Evolution The Human Story PDF
Evolution The Human Story PDF Free Download
As humans, we are aware of ourselves. We each have a strong sense of self that emanates from our unique consciousness, and which seems to naturally lead us to ask questions about who we are, and where we come from. Like no other animal, we seem to have a very deep-seated need to know ourselves. For thousands of years, humans have attempted to answer questions about our origin, our place in the natural world, and our relationship with other forms of life. Religion and philosophy may provide one way of exploring these questions, but science leads us to look for evidence and answers in the world around us, and within us. This empirical approach to age-old questions has revealed extraordinary secrets from our past, allowing us to reach far back in time to investigate our family tree and to meet long-dead ancestors. An evolutionary perspective offers us a deep and rich understanding of ourselves, and places us, as a species, in our own biological and ecological context. We are primates, and this book starts by introducing our living relatives in this group. The next chapter takes us back to the roots of the human family tree, and we meet our ancestors. The Kennis brothers—whose artful reconstructions I have long admired—have produced a host of extraordinary, lifelike, 3D portraits of our ancient relatives. Then we look at the expansion of ancient and modern human species out of Africa, and move on to examine changes in human lifestyles and subsistence as the Ice Age drew to close, and finally to trace the emergence of ancient civilizations across the globe. This is not a story of an inexorable rise to power, to worldwide domination and dominion over the rest of the natural world.
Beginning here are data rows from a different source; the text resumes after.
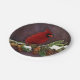 Une belle image d'un cardinal masculin brillamment rouge sur une neige a épousseté la branche de pin complète avec des pinecones. Perfectionnez pour des sentiments de Noël, ou n'importe quelles autres vacances d'hiver !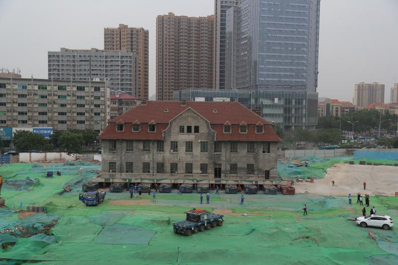 山東濟(jì)南2600噸百年修女樓坐“車”準(zhǔn)備平移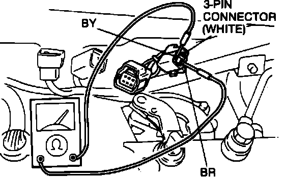 2. Connect an ohmmeter to the switch connector. In Park and Neutral, there should be continuity through the switch. In any other range, there should be no continuity through the switch.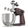 Nagy teljesítményű húsdaráló • 2200 W-os motorteljesítmény • Hosszan tartó, megbízható működés • Csendes üzemmód • Kétélű vágókés • Rozsdamentes acéltárcsák • Fordított funkció • Aprítótartozékok vágóhenger-készlettel • Kolbásztöltő • Paradicsom facsaró • Tengelykapcsoló a motor károsodásának megelőzése érdekében • Fém darálóház • Fogantyú a könnyű szállítás érdekében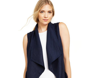 Charter Club Women's Frayed-Trim Linen-Blend Draped Vest Blue Size Extra Large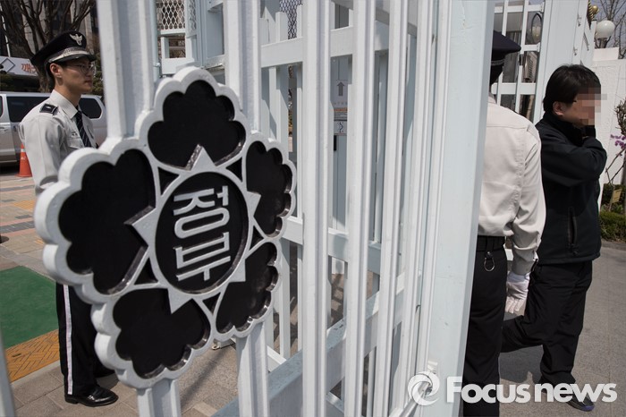 경찰은 청사 내 폐쇄회로(CC)TV를 확인해 용의자를 송씨로 지목하고 지난달 4일 제주도 자택에서 긴급체포했다.공무원 시험 수험생이 정부서울청사내 인사혁신처 사무실에 침입해 자신의 시험 성적을 조작하는 사건이 발생해 정부청사 방호와 정보보안에 또 다시 허점을 드러냈다. 사진은 6일 오전 서울 종로구 정부서울청사 출입문의 모습. 2016.04.06 조종원 기자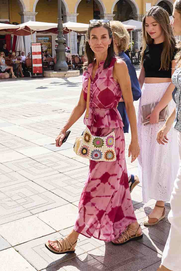 La Reina koos bijvoorbeeld tijdens een shopsessie in de hoofdstad voor een verrassend geraffineerde jurk in levendige roze tinten. Haar gehaakte tas en trendy taupe teenring sandalen haken helemaal in op de boho vibes. Met eenvoudige oorbellen en haar lokken in bedwang gehouden door een zonnebril van Carolina Herrera ziet ze er verzorgd uit, maar toch ontspannen genoeg voor wat sightseeing.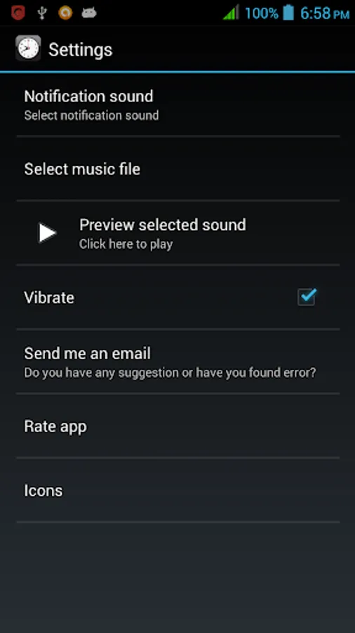 There are four available sounds in this app. Classical bell ring, aggressive chainsaw and relaxing rain and wind. Select one that fits your mood! Or you can select any mp3 file. Save timer for further use.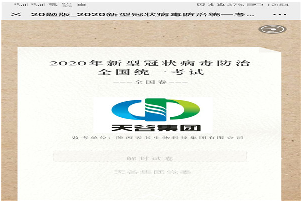 為進一步加強新型冠狀病毒感染的肺炎防護知識宣傳力度,培養(yǎng)和提高黨員干部預(yù)防新型冠狀病毒能力,豐富員工假期生活。天谷集團黨委在全體黨員范圍內(nèi),采取微信等非接觸方式,組織開展了疫情防控知識網(wǎng)絡(luò)競賽活動。
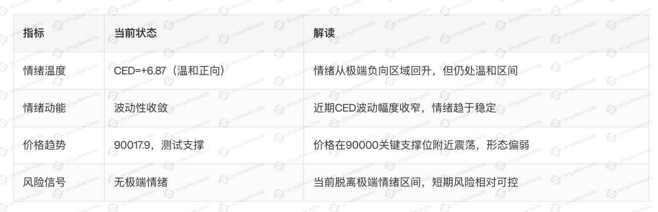 当前BTC市场情绪已从晚间极端悲观区域修复至温和正向区间,但价格仍在关键支撑位附近挣扎。情绪极端化阶段往往预示价格反转机会,近期需关注90000美元支撑有效性。市场整体处于情绪修复期,缺乏明确方向性动能,预计短期将继续震荡整理格局。情绪指标显示市场参与者心态趋于谨慎,建议等待更明确的基本面或技术面信号。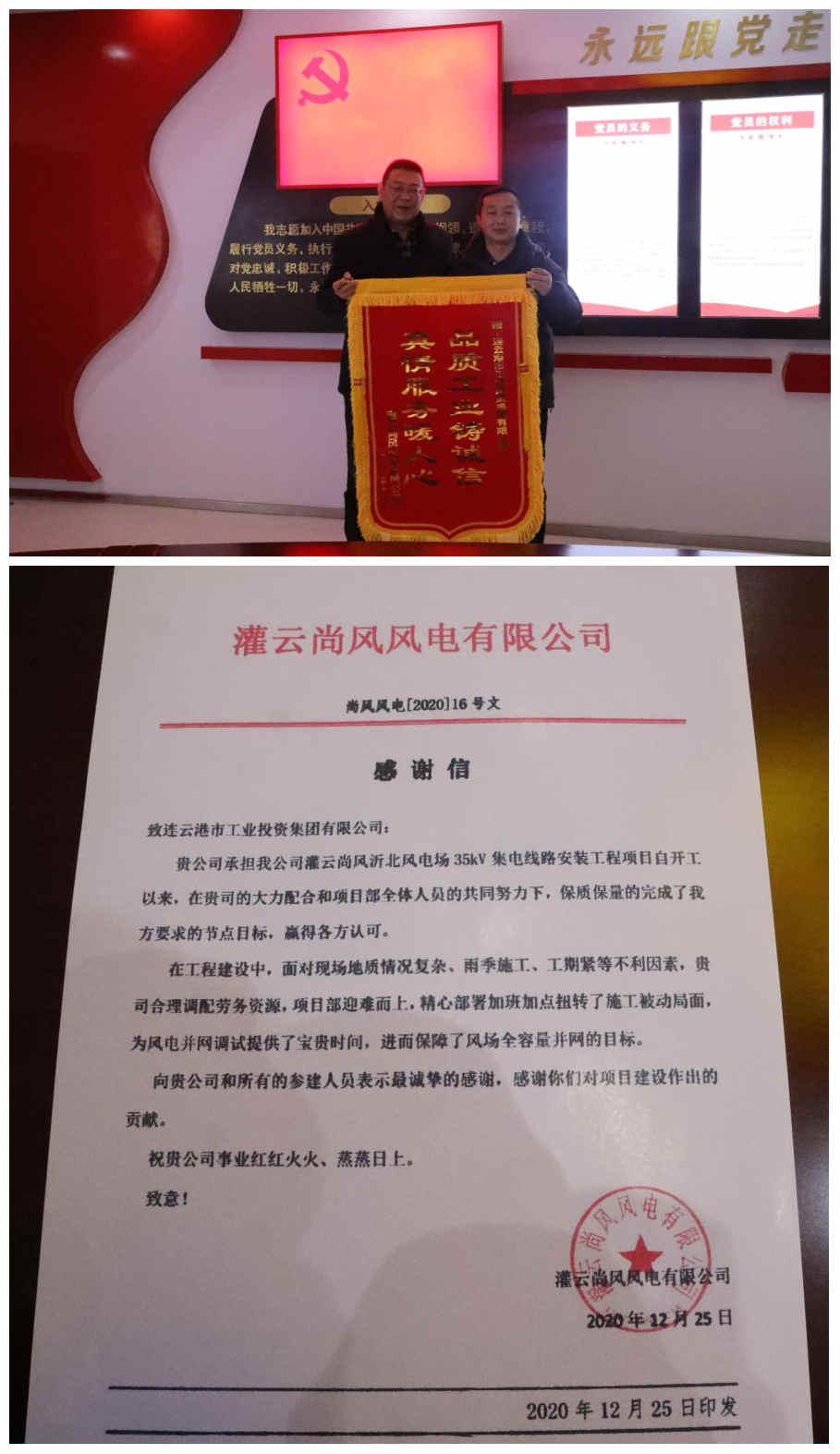 1月28日上午,灌云尚風(fēng)風(fēng)電有限公司副總經(jīng)理王現(xiàn)奇一行來到公司,授予我司一面錦旗和一封《感謝信》,以感謝半年來我司在灌云尚風(fēng)沂北風(fēng)電場35kV集電線路安裝工程項目中做出的貢獻。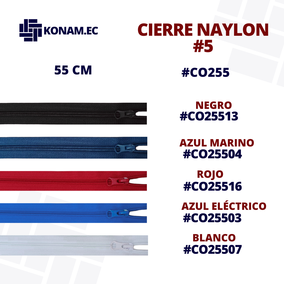 Cierre Nylon #5 de 55 cm aprox., ligero y flexible, ideal para confecciones que requieren un cierre suave, resistente y de fácil manejo, especialmente en prendas livianas.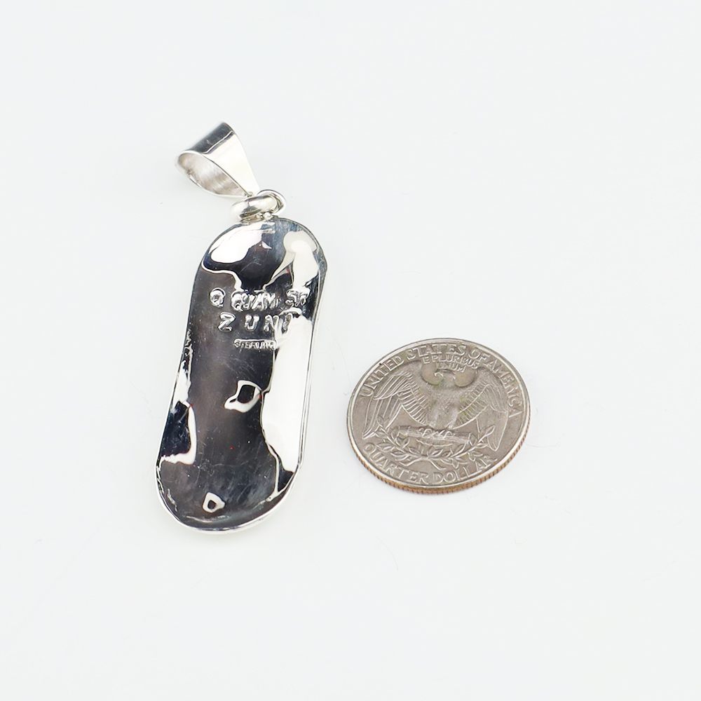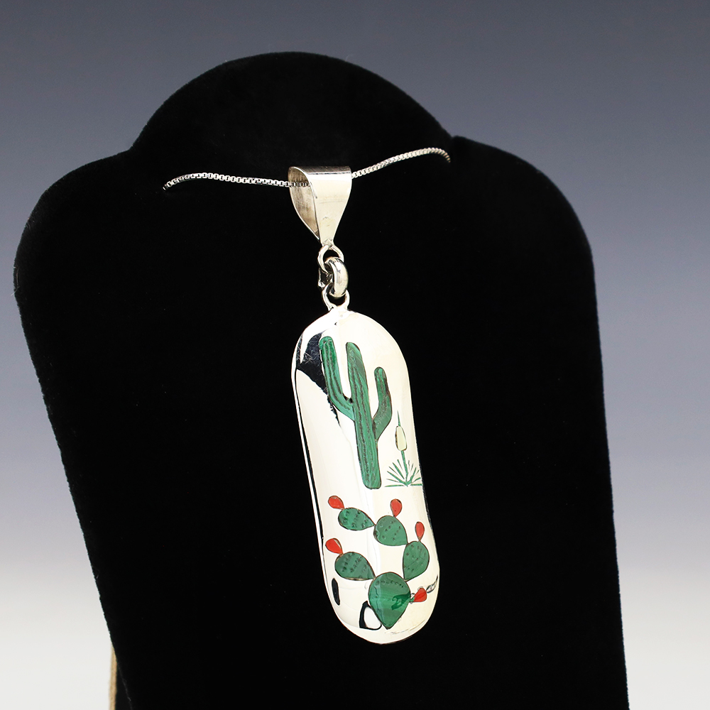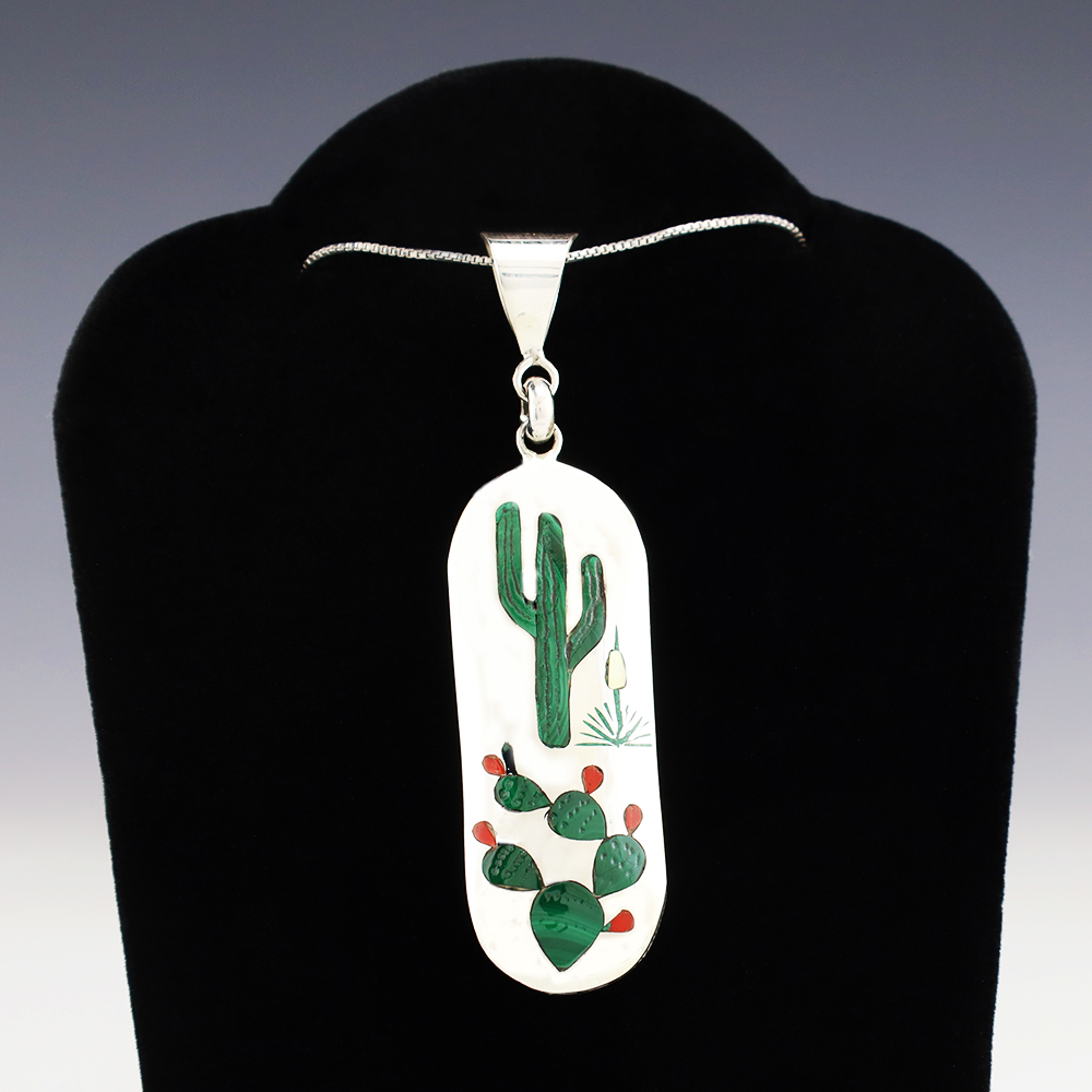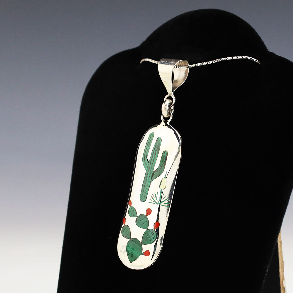 Zuni jeweler Quintin Quam hand made this beautiful pendant depicting a Yucca, Saguaro Cactus, and Prickly Pear Cactus. The sterling silver pendant is intricately inlaid with Coral, Malachite, and Mother of Pearl Shell. Amazing detail! Weighs 10 grams. (Chain not included) Signed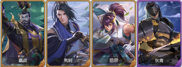 【嬴政】、【荆轲】、【屈原】、【狄青】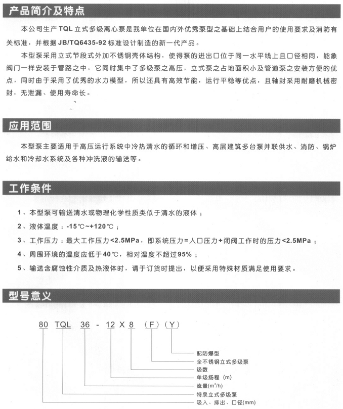 產(chǎn)品展示 您的位置:首頁(yè) - 產(chǎn)品展示 - 離心泵系列 - TQL立式多級(jí)離心泵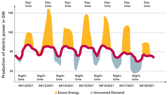 In Figure 1, the measured power output of renewable energy generation in Germany of the 15th week in 2021 is shown, multiplied by factor of 4.5. This ensures that the integral of the energy production by PV and wind covers the assumed consumption (red line) in the year 2040. A huge surplus during daytime (orange areas) and a lack during nighttime can be seen.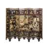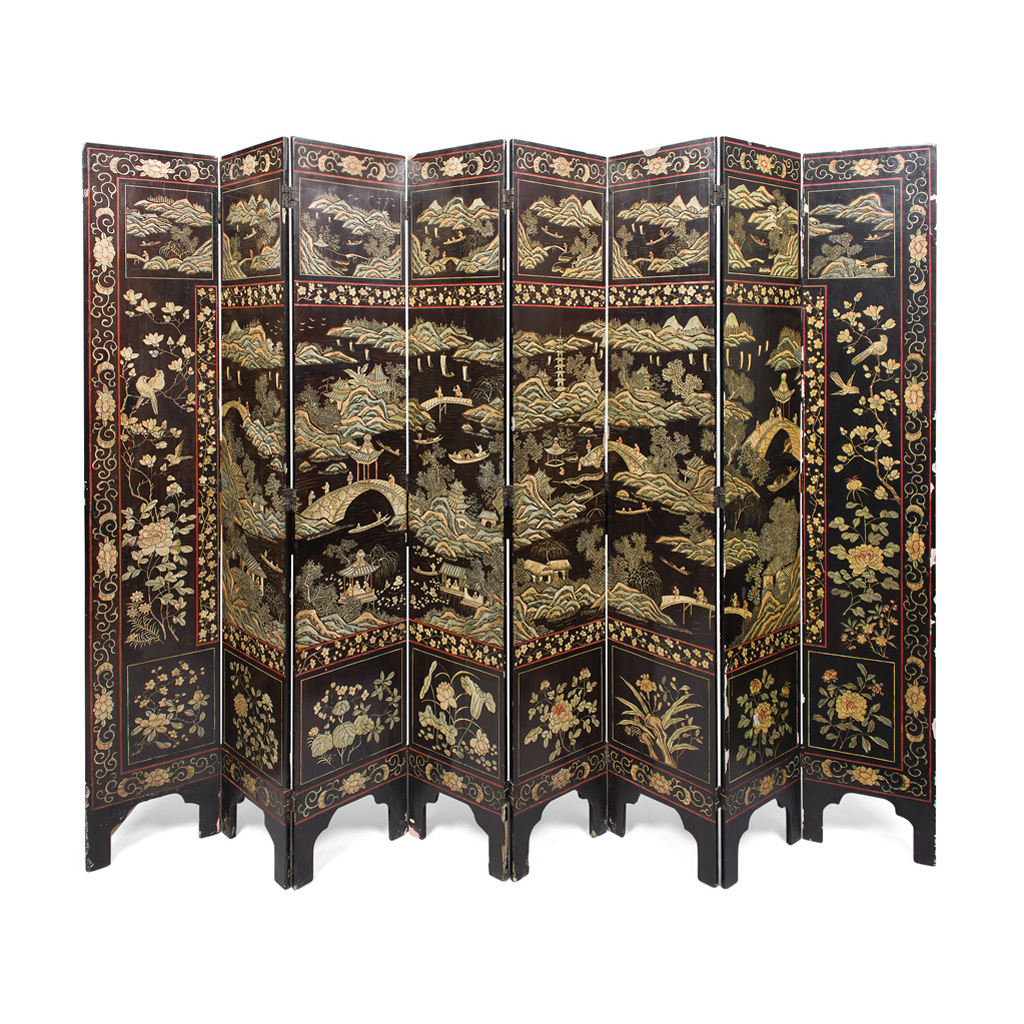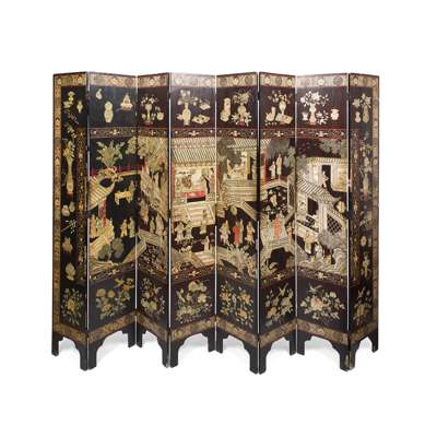 each fold decorated in polychrome with courtiers amongst pagoda and walled gardens, the reverse with flowering urns and auspicious items

It is not a story of an inevitable and linear progression, from a life in the trees to great civilizations. Evolution through natural selection may tend to produce greater diversity and complexity over time, but that is not the same thing as “progress.” Evolution unfolds in unpredictable and surprising ways, and it is both humbling and wonderful to realize that there was nothing inevitable about the appearance of our own species on earth; serendipity underlies the greatest achievements of our civilizations.